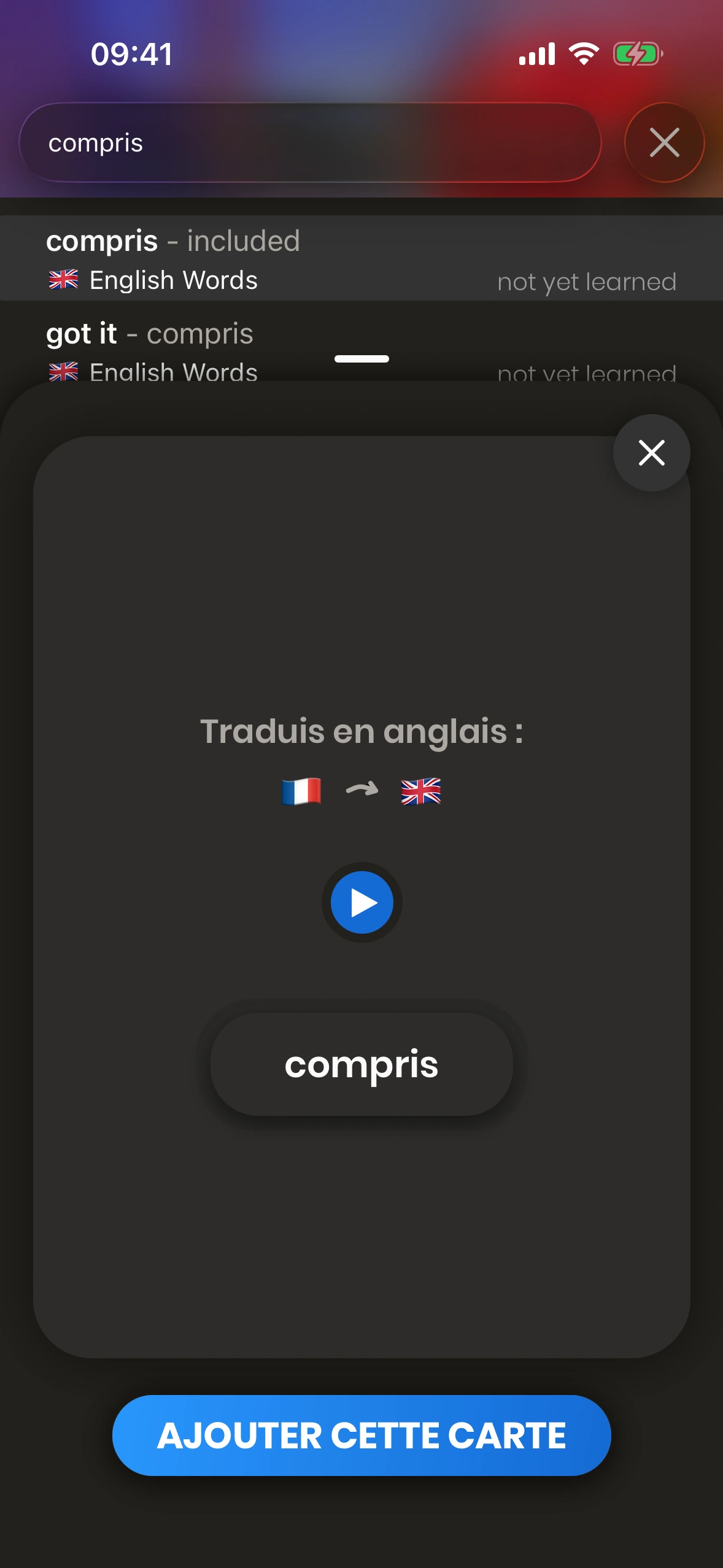 Si tu ne sais pas comment traduire un mot spécifique, tu peux le chercher dans le dictionnaire, puis ajouter cette carte en appuyant sur le bouton AJOUTER CETTE CARTE.
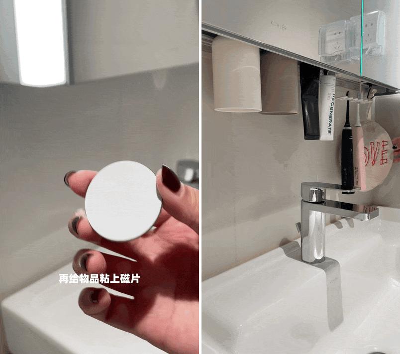 引磁片(圓鐵片)也是帶背膠的,把它貼在需要收納的物品上,例如漱口杯底部、洗面奶、牙膏蓋上,就可以利用磁力進行倒掛懸空收納了。
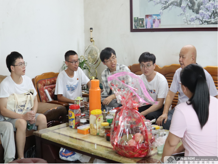 为了体悟红色文化,感受党的红色精神伟力,实践团访谈红色人物,挖掘红色故事,在桂北社区党委副书记卢娟的带领下,师生们拜访了老党员夫妻周海豪、杨翠莲。师生们同两位老党员从日常生活谈到梧州的发展变迁,交流热烈,对周海豪与时俱进、永远跟党走的党员精神心生敬佩。实践团成员樊鹏辉表示:“通过这一次拜访,我感受到了一个老共产党员对于党、对于祖国的忠诚之心,紧跟党的步伐,退休后仍心系梧州发展,保持不断学习的态度,以饱满的热情面对生活。听他讲述梧州的变化,我意识到我们的幸福生活来之不易,我们作为学生也更有动力朝着成为一名优秀党员的目标而奋斗!”
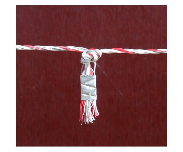 Spojka na lanko pro elektrických ohradníků. Vodivá měděná pocínovaná dutinka. Volné konce vodiče elektrického ohradníku za uzlem se provléknou a dutinka se zmačkne kleštěmi.
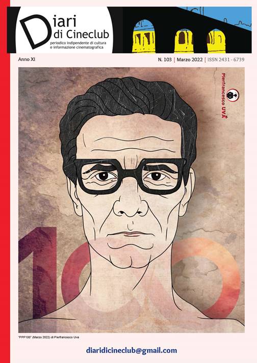 E’ disponibile online, scaricabile gratuitamente, il N. 103-Marzo 2022 di Diari di Cineclub, periodico indipendente di cultura ed informazione cinematografica. In questo numero: Riflessioni sullo stato dell’arte cinematografica, in Italia, con proposte (Paolo Minuto); Poetiche: L’hai amata, vero? (Charles Bukowski); Pasolini 100 – alfabeto pasoliniano (Roberto Baldassarre); Claretta Carotenuto: Mio padre, interprete multiforme! (Ignazio Gori); Ricordo di Massimo Cialani (Luca Romanini); Le nozze di Shirin di Helma Sanders-Brahms (Massimo Cialani); PPP100 | 2022 | (DdC). Lo spazio espositivo web di Diari di Cineclub (DdC); Browning Circus! (Patrizia Salvatori); Scrittori e cinema. Vitaliano Brancati e il mondo dello spettacolo (Fabio Massimo Penna); Virtual Revolution: sembra cyberpunk ma diventa cronaca vera (Giacomo Napoli); After Love (2021) Aleem Khan – un esordio promettente dall’altra parte della Manica (Tonino Mannella); Corpi liberi (2021) di Fabiomassimo Lozzi (Gigi Cabras); 1902: Avanti il divorzio. Al cinema con Anna Franchi (Lucia Bruni); Essere altri nel mondo virtuale (Àngel Quintana); Il dialogo con l’assenza in Stringimi forte, di Mathieu Amalric (Tonino De Pace); Il rapimento di Moro fu nel tempo di marzo (Natalino Piras); La Giornata della Memoria al Gremio dei Sardi di Roma, con Edith Bruck (Luisa Saba); Michelina, Madre ciociara: una biografia per immagini (Maria Carla Cassarini); Arsenico e vecchi merletti (Arsenic and Old Lace, 1944). Antonio Falcone; Quei fantastici anni Ottanta (Terza parte). Demetrio Nunnari; Dalla cronaca ai balloon: il manga realistico tra prigionia e politica (Ali Raffaele Matar); Dove sono le donne del fumetto? (A.R.M.); La geografia del cinema: l’Olanda (Leonardo Dini); Sentieri di cinema: percorsi nei linguaggi della comunicazione lavorando con i giovani (Alberto Piastrellini); Ala Bianca, Artigiano della Musica (Toni Verona); Un eroe nell’Iran di Asghar Farhadi (Alessio Cossu).
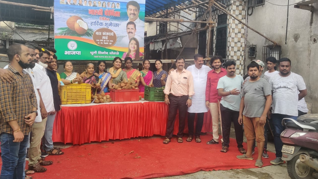 विक्रोळी, दि.२२: राज्यात विशेषतः कोकण किनारपट्टीवरील सर्व जिल्ह्यांत नारळी पौर्णिमेचा सण मोठ्या उत्साहात साजरा करण्यात आला. मुंबईतील विक्रोळी परिसरात भारतीय जनता पक्षाच्या विक्रोळी विधानसभा महिला महामंत्री श्रुती घोगळे यांनी या निमित्ताने स्थानिक व्यापऱ्यांच्या सोबतीने एक कार्यक्रम आयोजित केला होता.

+ + + +

Your objective ▸
Once the pictures are set aside, give the rest of the material again unchanged.

Result for this exercise ▸
 Si tu ne sais pas comment traduire un mot spécifique, tu peux le chercher dans le dictionnaire, puis ajouter cette carte en appuyant sur le bouton AJOUTER CETTE CARTE.
 引磁片(圓鐵片)也是帶背膠的,把它貼在需要收納的物品上,例如漱口杯底部、洗面奶、牙膏蓋上,就可以利用磁力進行倒掛懸空收納了。
 为了体悟红色文化,感受党的红色精神伟力,实践团访谈红色人物,挖掘红色故事,在桂北社区党委副书记卢娟的带领下,师生们拜访了老党员夫妻周海豪、杨翠莲。师生们同两位老党员从日常生活谈到梧州的发展变迁,交流热烈,对周海豪与时俱进、永远跟党走的党员精神心生敬佩。实践团成员樊鹏辉表示:“通过这一次拜访,我感受到了一个老共产党员对于党、对于祖国的忠诚之心,紧跟党的步伐,退休后仍心系梧州发展,保持不断学习的态度,以饱满的热情面对生活。听他讲述梧州的变化,我意识到我们的幸福生活来之不易,我们作为学生也更有动力朝着成为一名优秀党员的目标而奋斗!”
 Spojka na lanko pro elektrických ohradníků. Vodivá měděná pocínovaná dutinka. Volné konce vodiče elektrického ohradníku za uzlem se provléknou a dutinka se zmačkne kleštěmi.
 E’ disponibile online, scaricabile gratuitamente, il N. 103-Marzo 2022 di Diari di Cineclub, periodico indipendente di cultura ed informazione cinematografica. In questo numero: Riflessioni sullo stato dell’arte cinematografica, in Italia, con proposte (Paolo Minuto); Poetiche: L’hai amata, vero? (Charles Bukowski); Pasolini 100 – alfabeto pasoliniano (Roberto Baldassarre); Claretta Carotenuto: Mio padre, interprete multiforme! (Ignazio Gori); Ricordo di Massimo Cialani (Luca Romanini); Le nozze di Shirin di Helma Sanders-Brahms (Massimo Cialani); PPP100 | 2022 | (DdC). Lo spazio espositivo web di Diari di Cineclub (DdC); Browning Circus! (Patrizia Salvatori); Scrittori e cinema. Vitaliano Brancati e il mondo dello spettacolo (Fabio Massimo Penna); Virtual Revolution: sembra cyberpunk ma diventa cronaca vera (Giacomo Napoli); After Love (2021) Aleem Khan – un esordio promettente dall’altra parte della Manica (Tonino Mannella); Corpi liberi (2021) di Fabiomassimo Lozzi (Gigi Cabras); 1902: Avanti il divorzio. Al cinema con Anna Franchi (Lucia Bruni); Essere altri nel mondo virtuale (Àngel Quintana); Il dialogo con l’assenza in Stringimi forte, di Mathieu Amalric (Tonino De Pace); Il rapimento di Moro fu nel tempo di marzo (Natalino Piras); La Giornata della Memoria al Gremio dei Sardi di Roma, con Edith Bruck (Luisa Saba); Michelina, Madre ciociara: una biografia per immagini (Maria Carla Cassarini); Arsenico e vecchi merletti (Arsenic and Old Lace, 1944). Antonio Falcone; Quei fantastici anni Ottanta (Terza parte). Demetrio Nunnari; Dalla cronaca ai balloon: il manga realistico tra prigionia e politica (Ali Raffaele Matar); Dove sono le donne del fumetto? (A.R.M.); La geografia del cinema: l’Olanda (Leonardo Dini); Sentieri di cinema: percorsi nei linguaggi della comunicazione lavorando con i giovani (Alberto Piastrellini); Ala Bianca, Artigiano della Musica (Toni Verona); Un eroe nell’Iran di Asghar Farhadi (Alessio Cossu).
 विक्रोळी, दि.२२: राज्यात विशेषतः कोकण किनारपट्टीवरील सर्व जिल्ह्यांत नारळी पौर्णिमेचा सण मोठ्या उत्साहात साजरा करण्यात आला. मुंबईतील विक्रोळी परिसरात भारतीय जनता पक्षाच्या विक्रोळी विधानसभा महिला महामंत्री श्रुती घोगळे यांनी या निमित्ताने स्थानिक व्यापऱ्यांच्या सोबतीने एक कार्यक्रम आयोजित केला होता.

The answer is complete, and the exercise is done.